COD (chemical oxygen demand)
Chemical Oxygen Demand (COD) atau Kebutuhan Oksigen Kimia (KOK)
adalah jumlah oksigen (mg O2) yang dibutuhkan untuk mengoksidasi zat-zat
organik dan anorganik yang ada dalam sampel air, dimana pengoksidasi K2Cr2O7
digunakan sebagai sumber oksigen (oxidizing agent) dalam suasana asam.
Dikromat sebagai oksidator dapat mengoksidasi bahan organik sekitar 95%-100%
(Suharto, 2011).
COD menggambarkan jumlah total oksigen yang dibutuhkan untuk
mengoksidasi bahan organik secara kimiawi, baik yang dapat didegradasi secara
11
biologis (biodegradable) maupun yang sukar didegradasi secara biologis (non
degradable) menjadi CO2 dan H2O (Fardiaz, 2006).
Umumnya uji COD menghasilkan nilai kebutuhan oksigen yang lebih
tinggi dibandingkan dengan uji BOD, karena bahan-bahan yang stabil terhadap
reaksi biologi dan mikroorganisme dapat ikut teroksidasi dalam uji COD. Bahkan
yang tidak dapat didegradasi secara biologis tersebut akan didegradasi secara
kimiawi melalui proses oksidasi, jumlah oksigen yang dibutuhkan untuk
mengoksidasi tersebut dikenal dengan nama COD (chemical oxygen demand)
(Suharto, 2011).
BOD (biochemical oxygen demand)
Angka BOD (biochemical oxygen demand) disebut juga kebutuhan
oksigen biokimiawi adalah suatu analisis empiris yang mencoba mendekati secara
global proses-proses mikrobiologis yang sebenarnya terjadi di dalam air. Angka
BOD adalah jumlah oksigen yang dibutuhkan oleh mikroorganisme aerob untuk
menguraikan zat organik yang terdapat di dalam air.

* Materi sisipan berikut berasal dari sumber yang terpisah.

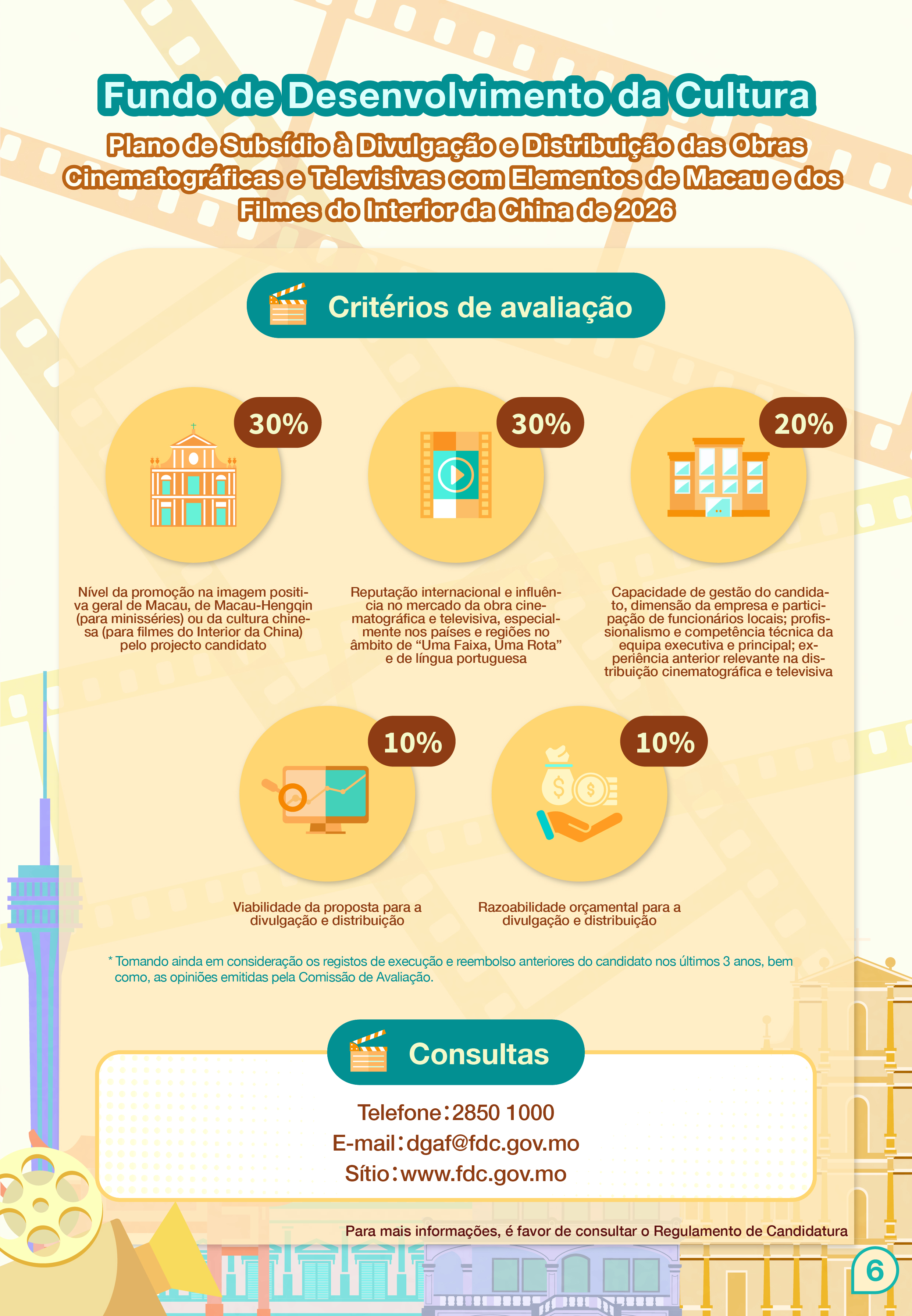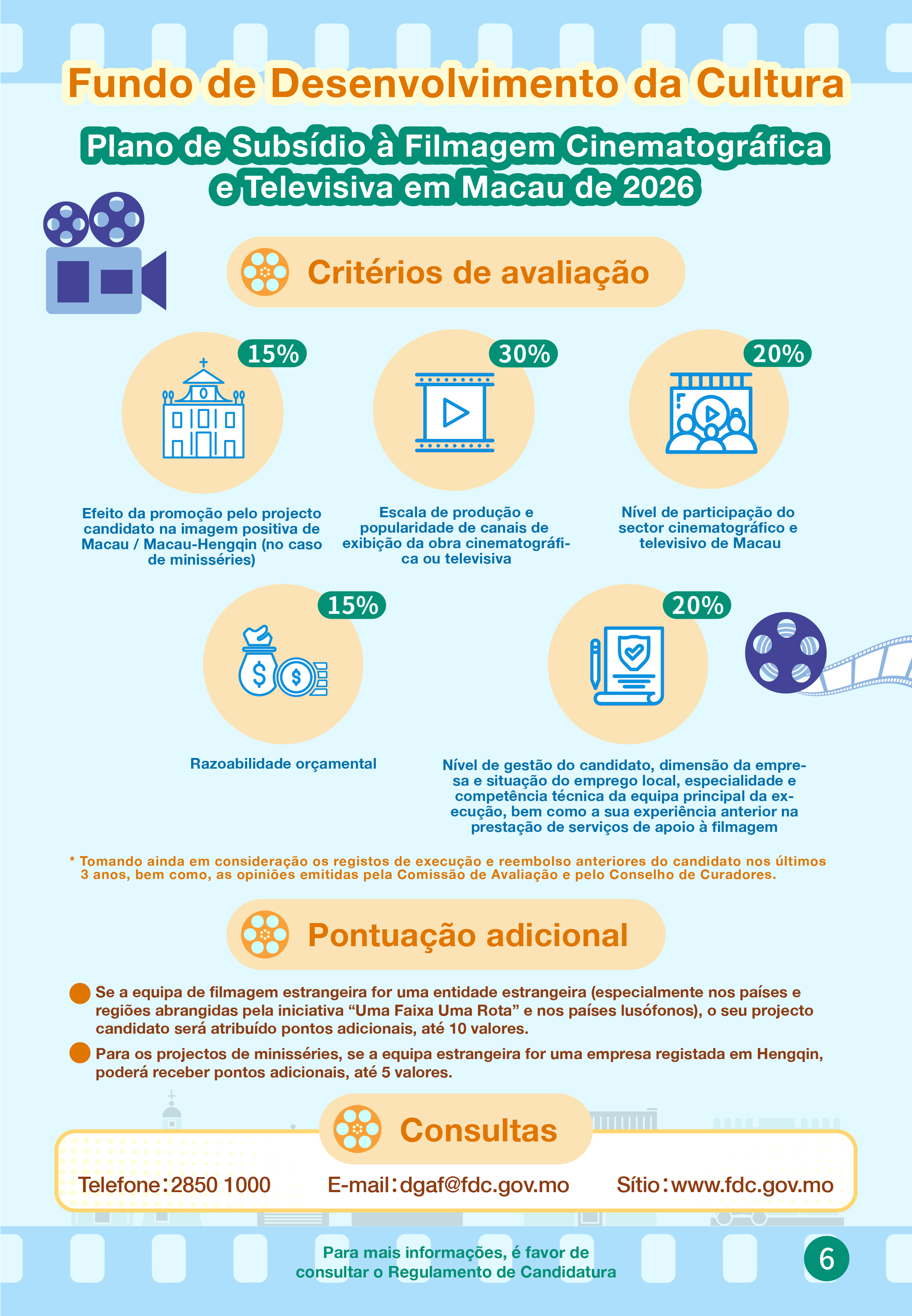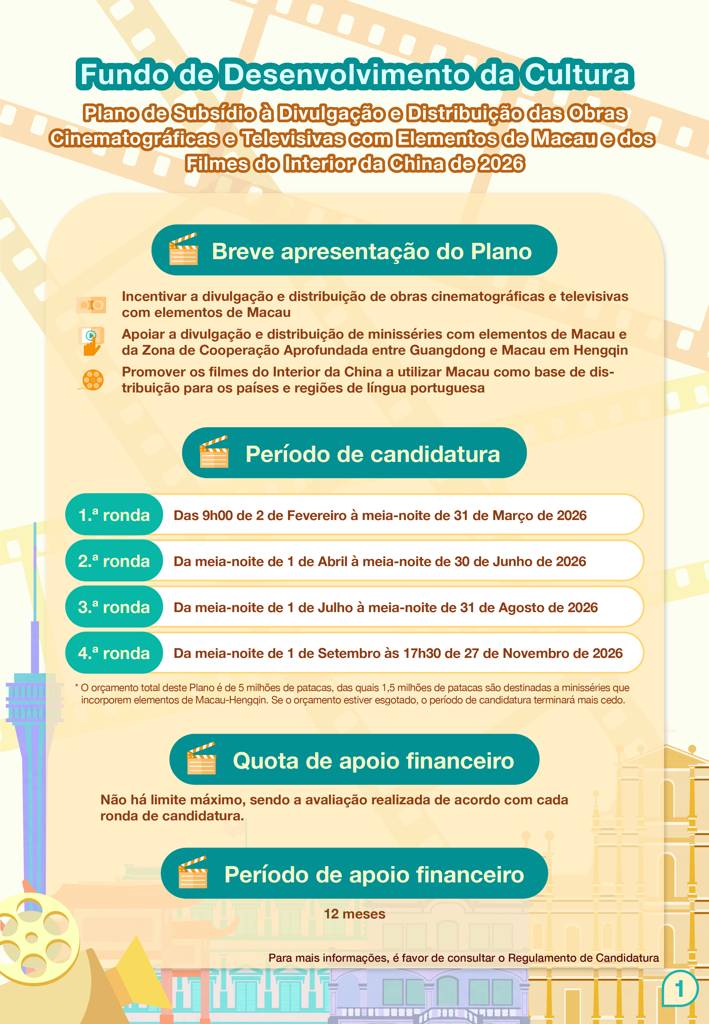 O Fundo de Desenvolvimento da Cultura (FDC) continuará a promover, em 2026, a indústria cinematográfica e televisiva de Macau, aperfeiçoando os dois planos de apoio financeiro, designadamente, “Plano de Subsídio à Divulgação e Distribuição das Obras Cinematográficas e Televisivas com Elementos de Macau e dos Filmes do Interior da China” e “Plano de Subsídio à Filmagem Cinematográfica e Televisiva em Macau”, no intuito de incentivar ainda mais a filmagem, divulgação e distribuição de minisséries com elementos de Macau e da Zona de Cooperação Aprofundada entre Guangdong e Macau em Hengqin. Por outro lado, serão apoiados os filmes do Interior da China que utilizem Macau como base de distribuição para países e regiões de língua portuguesa, aproveitando assim o papel de Macau como ponte cultural.
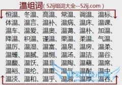 组词大全详解[温组词]如:恒温、冬温、高温、常温、调温、温标、体温、温言、温补、温病、温床、温课、温车、温爱、温奥、温蔼、温朴、加温、降温、积温、谨温、栗温...
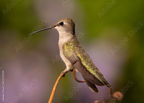 © Melani, Obraz premium A female or immature Black Chinned Hummingbird perches on a delicately curling grape tendril with out of focus green and purple plants in the background.
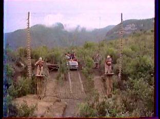 We’ve reached a fork in the road and the way is blocked by these guardians, trying to hold a wooden spiked block across the trail in place so that the jeep cannot pass without ruining the tires.
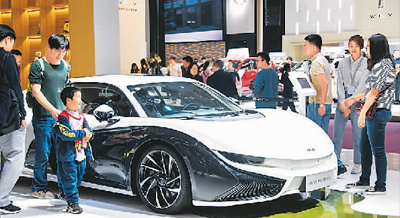 在2019第九届贵阳国际汽车展上,观众参观正在参观展览车辆。刘朝富摄(人民图片)
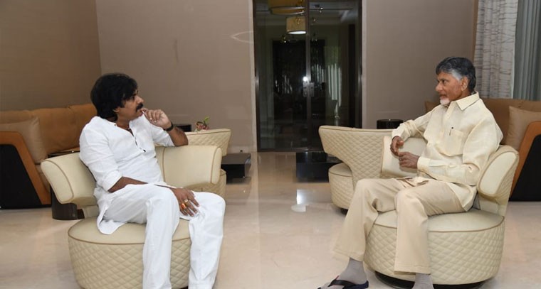 జనసేన అధినేత పవన్ కళ్యాణ్ ఆదివారం టీడీపీ అధినేత చంద్రబాబుతో భేటీ అయ్యారు. అనంతరం మీడియాతో మాట్లాడుతూ 'కుప్పంలో జరిగిన ఘటనపై చంద్రబాబును కలిశాను. ఏపీలో వైసీపీ అరాచక పాలన జరుగుతోంది. వైసీపీకి బాధ్యతలు గుర్తుచేయాలి. బ్రిటీష్ కాలంనాటి జీవో తెచ్చారు. వీటికి బ్రేక్ పడాలి. వైజాగ్ లో నన్ను అడ్డుకున్నారు. జీవోకు ముందు పరిణామాలు ముందుగా వైజాగ్ లోనే చూశాం' అని అన్నారు.

Pengukuran BOD diperlukan
untuk menentukan beban pencemaran yang berasal dari air buangan penduduk
ataupun industri dengan mendesain sistem pengolahan biologis (Fardiaz, 2006).
Pengukuran BOD didasarkan atas reaksi oksidasi zat organik oleh oksigen
dalam air, dan proses tersebut berlangsung disebabkan adanya bakteri aerobik.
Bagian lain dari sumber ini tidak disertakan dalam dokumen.